Could you give me a more broad explanation as to why I can get it by simply saying hit.Parent instead of hit.Parent.Name which is exactly what I did for the second print while for the workspace service I have to do hit.Parent.Name, I still don’t understand why this weird behavior tends to happen without getting the Name property of the Instance which I’m trying to reference?

Spoon feeding code won’t make us learn anything, instead it will create more confusion.

1 Like

Cause your trying to find something in workspace that it can’t like the players arm, but if you say “hit.Parent.Name” it will look in workspace for the players name.

EDIT: and then it will find the players character

4 Likes

So what you are trying to tell me is that hit.Parent contains an Instance which is clearly what touched the brick but when I say hit.Parent.Name I’m trying to get a string containing that Instance’s Name property I understand that but I still have some questions.

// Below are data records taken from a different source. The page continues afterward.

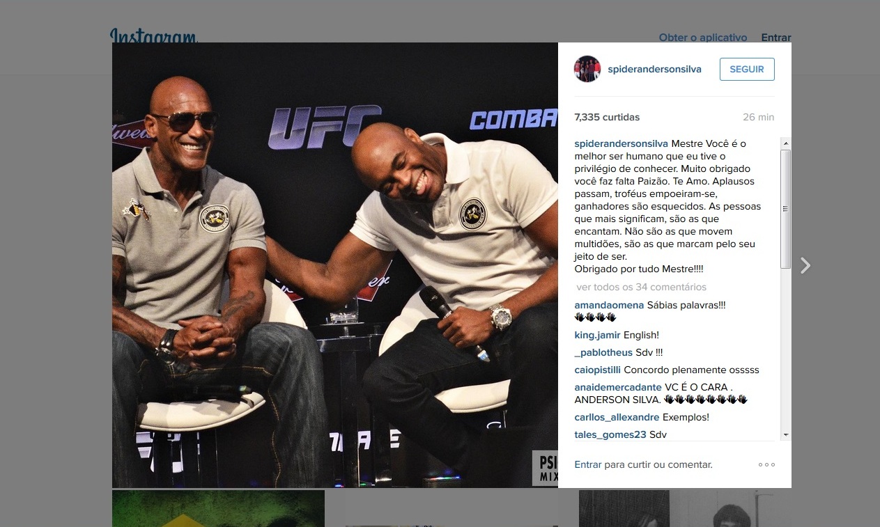 anderson silva Publicado em 8 de julho de 2015 as 1263 × 757 Nossa foto da coletiva de Anderson Silva postada no Instagram do atleta. COMPARTILHE NAS REDES SOCIAIS:Tweet Envie um link por e-mail para um amigo(abre em nova janela) E-mail Compartilhar em Vimeo(abre em nova janela) Vimeo Imprimir(abre em nova janela) Imprimir Compartilhar no Telegram(abre em nova janela) Telegram Compartilhar no WhatsApp(abre em nova janela) WhatsApp Curtir Carregando...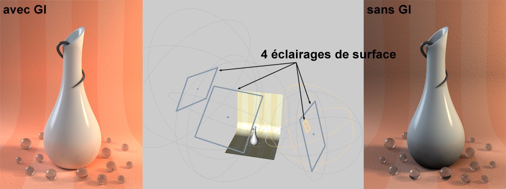 Comme vous pouvez le voir dans l'image ci-dessus, l'usage de l’IG (IC+ICProfondeur de diffusion = 3) donne une très agréable dispersion de la lumière.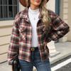 Женское и зимнее новое шерстяное пальто с длинным рукавом и карманами в клетку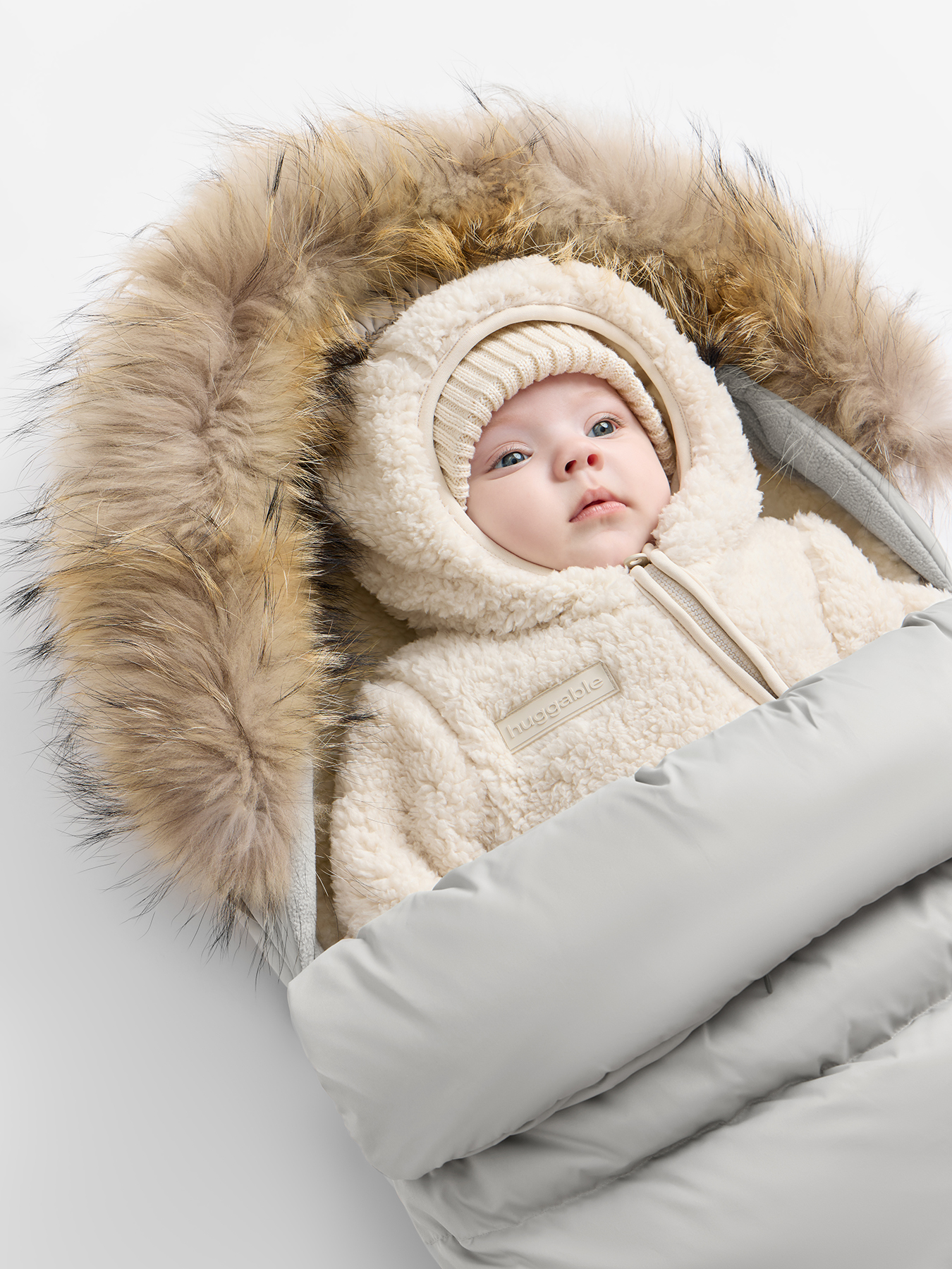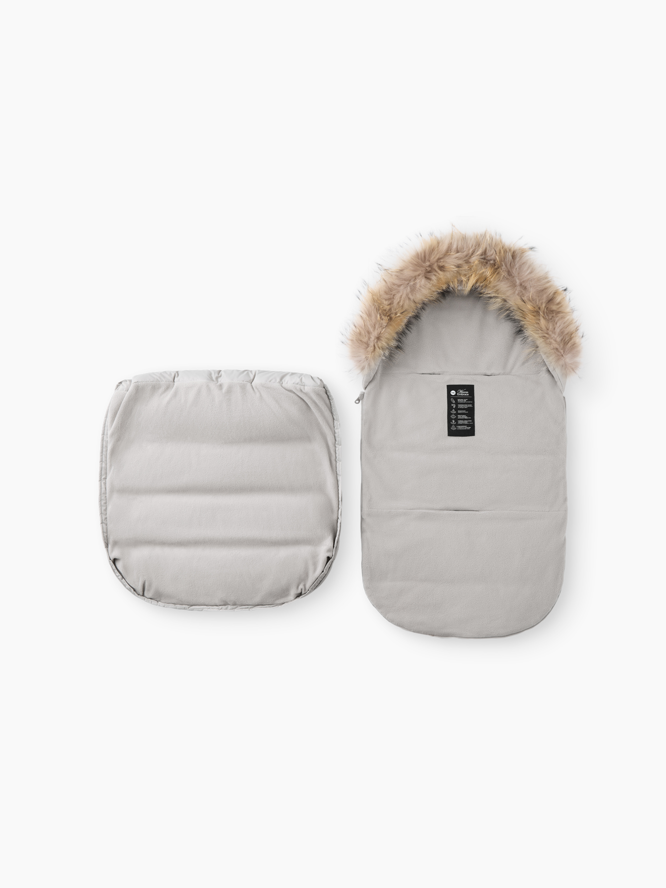 • Съёмный меховой вкладыш — регулирует уровень утепления: добавьте его в мороз или уберите в более тёплую погоду. Вкладыш универсален и подходит для использования в коляске, санях и автокресле.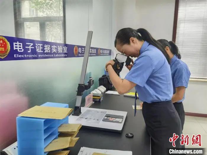 圖為電子證據(jù)實驗室司法鑒定人對涉案手機(jī)進(jìn)行編號、拍照。 崔琳攝
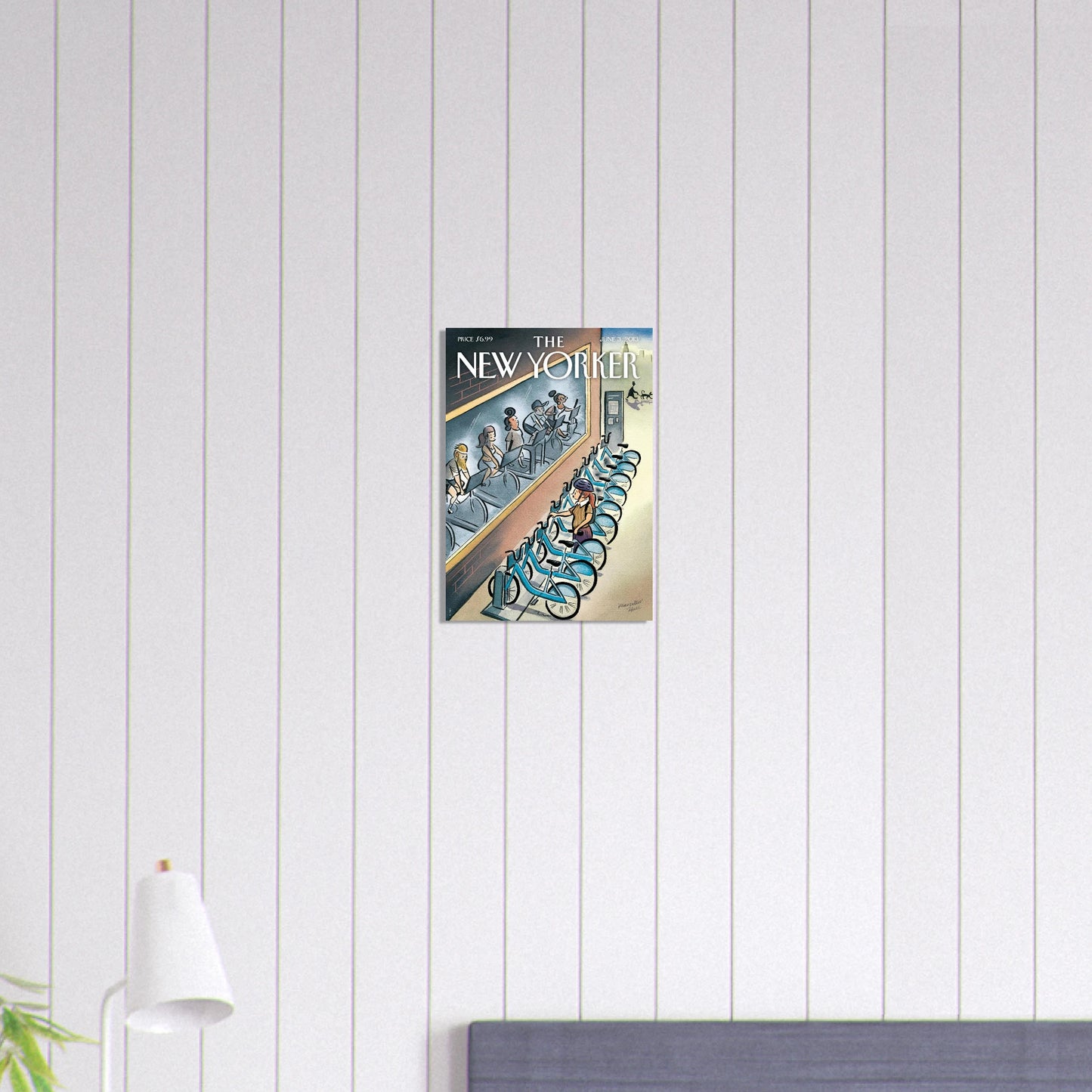 "Urban Cycles" is a witty and timely piece of social commentary, published just a week after New York City's Citi Bike program launched. The artist, Marcellus Hall, masterfully uses juxtaposition to create a gentle but perceptive critique of modern urban life. The cover highlights the irony of people inside a gym paying to simulate an activity—cycling—that is simultaneously happening outside as a form of practical, purposeful transportation. The title itself is a clever pun, referring to both the literal bicycles and the various "cycles" of work and leisure that define city living. It’s a sharp, observational snapshot of a city embracing a new way to move, while wryly noting the paradoxes of contemporary exercise.

What I’m trying to actually understand here is why does it work when I say hit.Parent instead of workspace:FindFirstChild(hit.Parent.Name), that still works WITHOUT getting the Name property of the Instance which is a string so that means that it still works with an Instance so why does it not work when I get it via the workspace?

@lualeet The same above goes for you, that is still what I’m not trying to understand here.

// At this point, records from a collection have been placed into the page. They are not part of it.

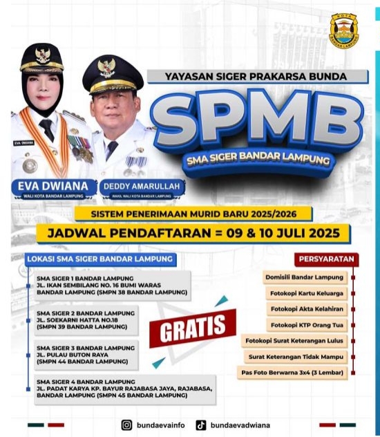 “Informasinya, pembiayaan penuh SMA Siger akan masuk APBD 2026. Fokusnya pembiayaan penuh dari APBD, bukan dari pungutan siswa, seperti yang ditegaskan wali kota,” ujarnya.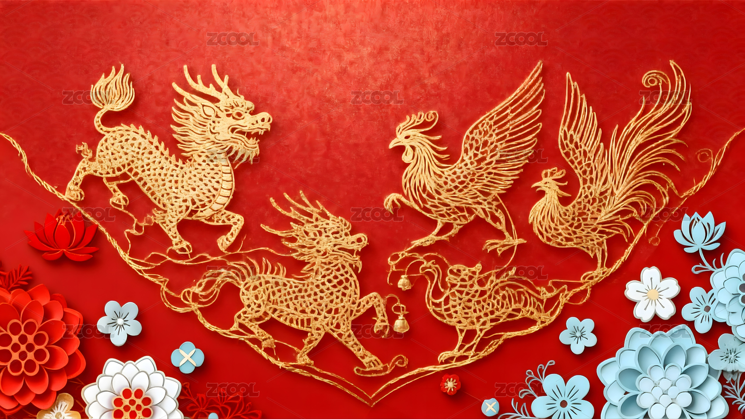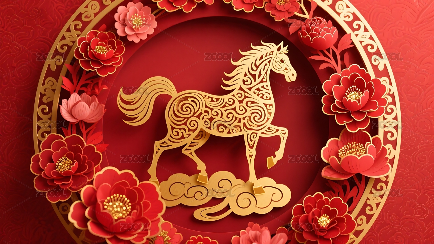 装饰,背景,马,云,花,红色,图案,立体,花朵,传统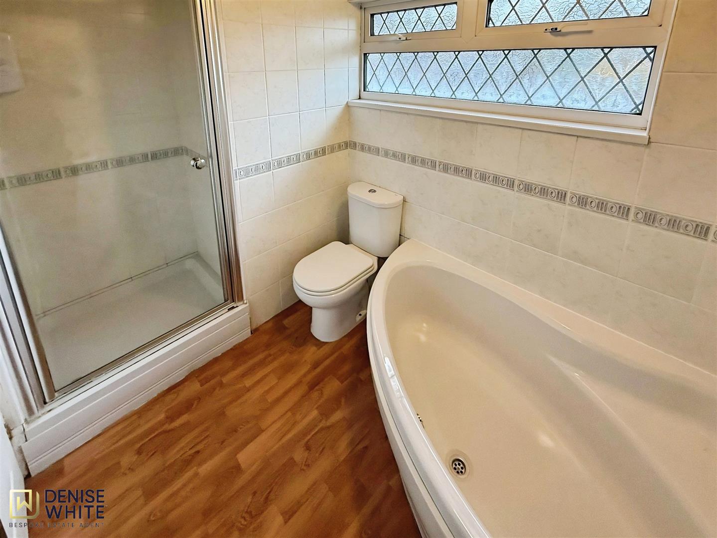 Laminate flooring. WC. Shower cubicle. Heated towel rail. Boiler access. Ceiling light.

hit.Parent is simply the same result you’d get as finding something with hit.Parent’s name in workspace. Is there some reason for you needing to use FindFirstChild?

2 Likes

The reason :FindFirstChild doesn’t work with an instance is simply because it is made that way, if you already have an instance you have no reason at all to search for it.

1 Like

Instance:FindFirstChild() works with Instances, the reason I’m using Instance:FindFirstChild() is because if the brick doesn’t exist then the entire script won’t stop because it couldn’t find the brick which resulted in an error instead it will simply be nil however were going off-topic here.

if I were to use workspace.hit.Parent instead of Instance:FindFirstChild() then it still wouldn’t work, I explained what I’m trying to understand in post #5 so you can go to check back on that.

1 Like

I don’t think Instance:FindFirstChild() work with instances.


When you do this

It print your character’s name probably because of the tostring() function.

1 Like

To find the player from the player’s character you should use:

game.Players:GetPlayerFromCharacter(character)

1 Like

I didn’t see that, you actually fixed the problem thank you, now it makes a lot of sense.

So the reason as to why it wasn’t working is because Instance:FindFirstChild()'s first parameter accepts a string and not an Instance so if we use

local plrCharacterbyWorkspace = workspace:FindFirstChild(tostring(hit.Parent))

Then it’s going to work, basically what we did there is that we got the reference of the Instance that we are trying to find then we get the string form of it by simply using the tostring() function which takes whatever you put into it and returns the string form of whatever you gave it and that way we can use Instance:FindFirstChild() safely.

It didn’t work for me before because I wasn’t using the tostring() function which is a very useful function.

What is the point of doing this?

local plrCharacter = hit.Parent
local plrCharacter2 = workspace:FindFirstChild(tostring(hit.Parent))

And why do you need to use tostring function when you can just do hit.Parent.Name ?

1 Like

Instance:FindFirstChild does not work with Instances.

You don’t need to do workspace:FindFirstChild(hit.Parent.Name) because hit.Parent will always exist, which is why the touched event was fired in the first place. Its redundant doing this.

You don’t need to do check if “hit.Parent” exists because if it didn’t exist the touched event wouldn’t even have fired.

That’s like doing hit.Parent.Parent:FindFirstChild(tostring(hit.Parent)) which makes absolutely 0 sense.

Plus if you are worried the part is not inside workspace, there is no point in worrying, Roblox characters are always located in workspace, and .Touched event works because of physics simulation, any parts that are outside workspace will not have their physics simulated thus the Touched event will never fire.

Still if you want to check you can just do if hit.Parent.Parent:IsA(“Workspace”) then, instead of
if workspace:FindFirstChild(tostring(hit.Parent)) then.